Fusing dark synth, surrealist lyrics and the occult – you can’t accuse Swedish pop band The Knife of being predictable. Working out of Stockholm, the brother/sister duo, Karin Dreijer Andersson and Olof Dreijer, have been making electro hits together since 1999. Staying deliberately secluded from the mainstream, the twosome seem to want their music to stay a dark secret. The enigmatic band are touring one of their most unusual projects to date – an opera entitled, ‘Tomorrow, in a Year’.
Commissioned by experimental Danish theatre group, Hotel Pro Forma, the libretto is all about natural selection, taking inspiration from the father of evolution, Charles Darwin. We caught the show at The Barbican last month. It’s an astounding amalgamation of art and science – covering everything from evolutionary theory to Darwin’s love letters about his daughter, Anne. Innovative, enthralling and chilling – it’s opera, but not as we know it.
‘Tomorrow, in a Year’ the album is out now. The opera will be showing at the Melborne International Arts Festival from 21st – 23rd October.
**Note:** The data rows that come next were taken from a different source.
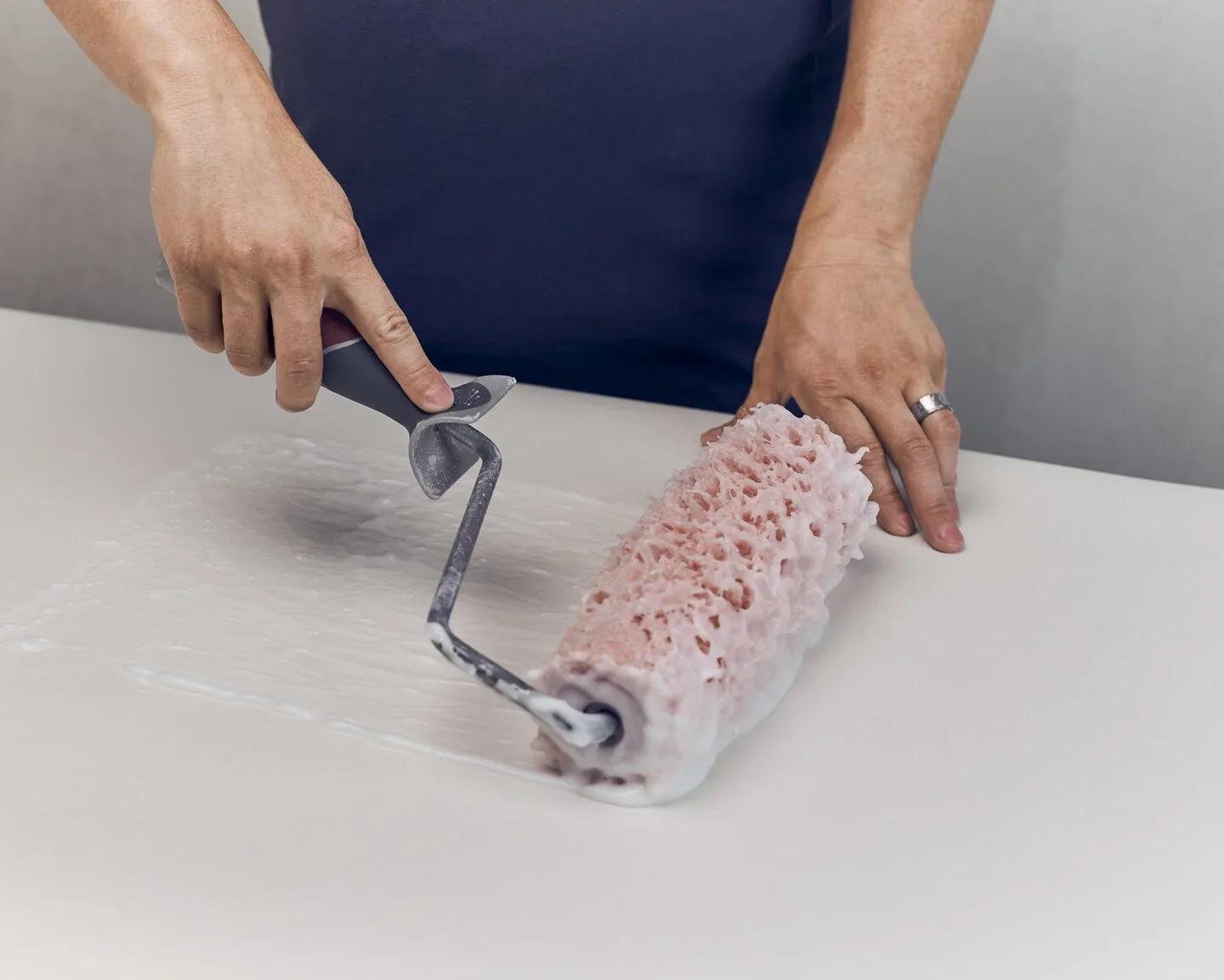 Rolla tapetlim på väggen, ca 2-3 våders bredd (1-1,5 m). Vid kanter och lister kan pensel användas.
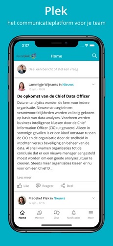 In hoeverre kan Dental Plek worden gebruikt als het centrale communicatiemiddel in de praktijk? ‘Zie het als een intranet waarin alle communicatie loopt, documenten kunnen worden bewaard en alle taken verdeeld’, reageert Vreeswijk. ‘Het is een intranet, maar bij Dental Plek gaat het niet alleen om top-down zenden, maar ook kunnen gebruikers op elkaar reageren en berichten liken, zoals bij sociale media, waardoor je samenhorigheid creëert en ook veel beter weet of berichten gelezen en gewaardeerd worden. We streven er naar dat het platform super gebruiksvriendelijk is: de opzet is heel herkenbaar wat we dagelijks al privé gebruiken, daarvoor is geen training meer nodig.’
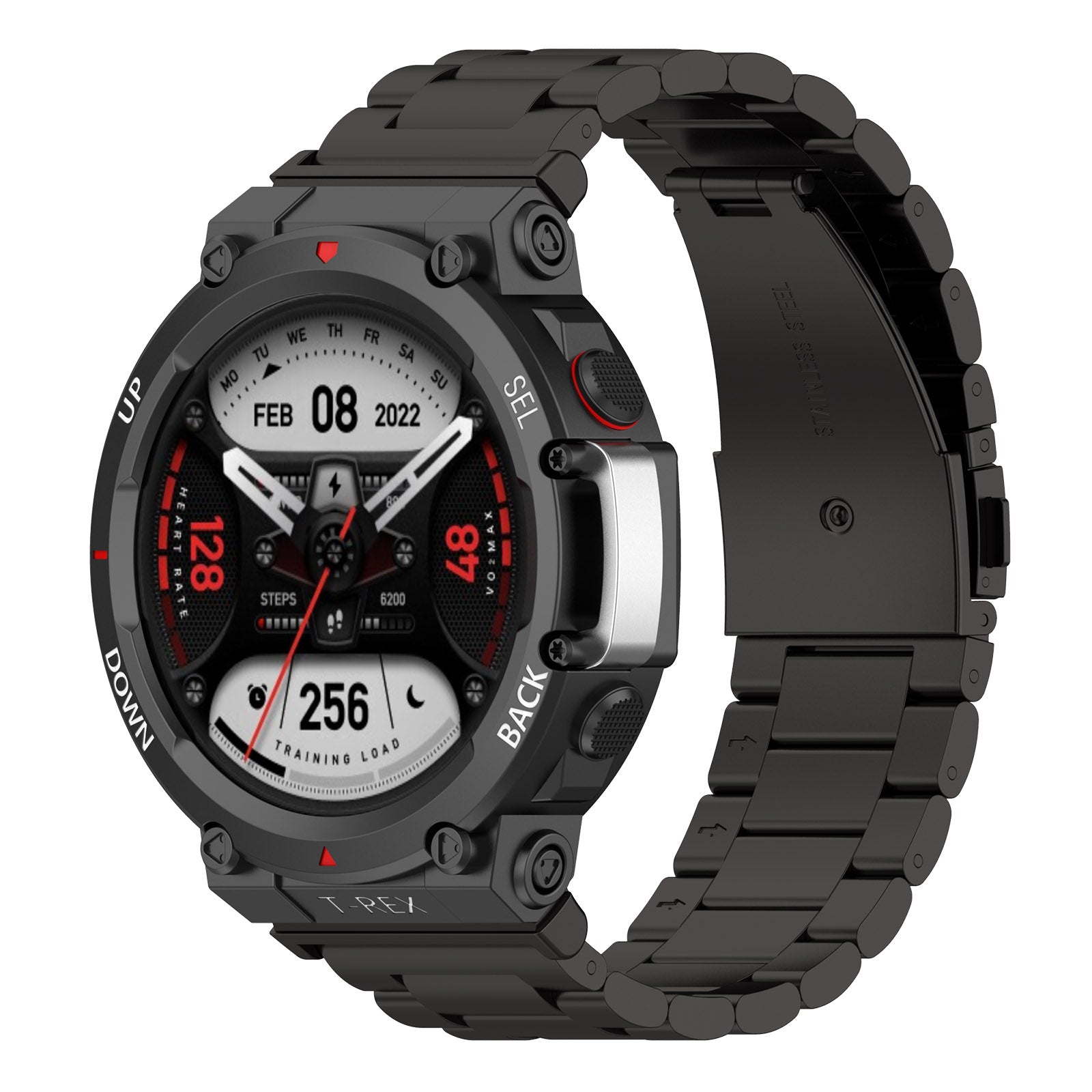 For Huami Amazfit T-Rex 2 Smart Watch Stainless Steel Watch Band Three Beads Strap Replacement with Tool
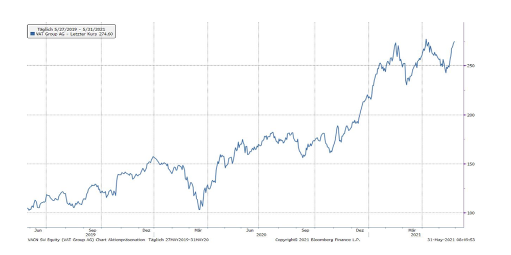 VAT zeigt sich nach einem starken 1. Quartal 2021 sehr zuversichtlich für den weiteren Jahresverlauf. Demnach dürfte der Umsatz im Gesamtjahr substanziell über den im Vorjahr erreichten Wert von CHF 692 Mio. steigen. Bereits im 1. Quartal kletterten die Verkäufe um mehr als 30% und für das 2. Quartal stellt VAT mit einem Umsatz im Bereich von CHF 205 bis 215 Mio. ein Wachstum von rund 20% oder mehr in Aussicht. Der Vakuumventil-Hersteller VAT ist Marktführer eines attraktiven Nischenmarktes und verfügt über eine attraktive Profitabilitätsstruktur in einem strukturell wachsenden Markt. Trotz der hohen KGV-Bewertung von 44.11x, sind wir überzeugt, dass die Aktien noch Potential haben.»
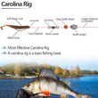 Effective Carolina Rig: Enhance your bass-catching game with the Carolina Rig technique. Whether in shallow waters or deep expanses, this rig delivers optimal performance away from thick covers like points, sunken islands, and weedlines.
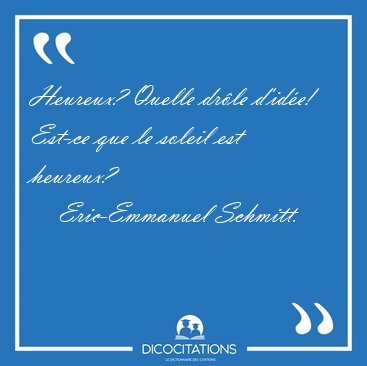 ![Heureux? Quelle drôle d'idée! Est-ce que le soleil est [...] - Eric-Emmanuel Schmitt... Heureux? Quelle drôle d'idée! Est-ce que le soleil est [...] - Eric-Emmanuel Schmitt...](/imagescitations/Heureux_Quelle_drole_d_idee_Est-ce_que_le_soleil_est_-_Eric-Emmanuel_Schmitt-106032.jpg)

This season, Yohji Yamamoto has created a Y-3 collection that returns to his avant-garde roots. Asymmetrical kilt skirts, big knit one-pieces and zipped-up jumpsuits all recall the Yamamoto of old, one set on both breaking and applying the traditions of his native Japan.
We love the collections’ brooding, moody and functional feel – T-shirts and coats read: “33 With You” and “23 Years In Prison”. This melancholic, prisoner of love theme has been brilliantly translated onto the small screen for a short fashion film starring brooding French footballer Zinedine Zidane, and a huge model clan. Its tough, heady and undeniably urban.
Watch it here….
Creative Direction: Lloyd & Co.
Still Photography: Alasdair McLellan
Cinematography: Theo Stanley / New Mountain
Editing: Frederic Taxi
Styling: Nicola Formichetti
Music: David Salom
Hair & Make-Up: Didier Malige & Gucci Westman
Location: Pier 54, Hudson River Park – New York City
Identifying a comfortable and trendy dog cloth is turning out to be difficult, as more and more cute dog clothes are venturing in the global market on regular basis.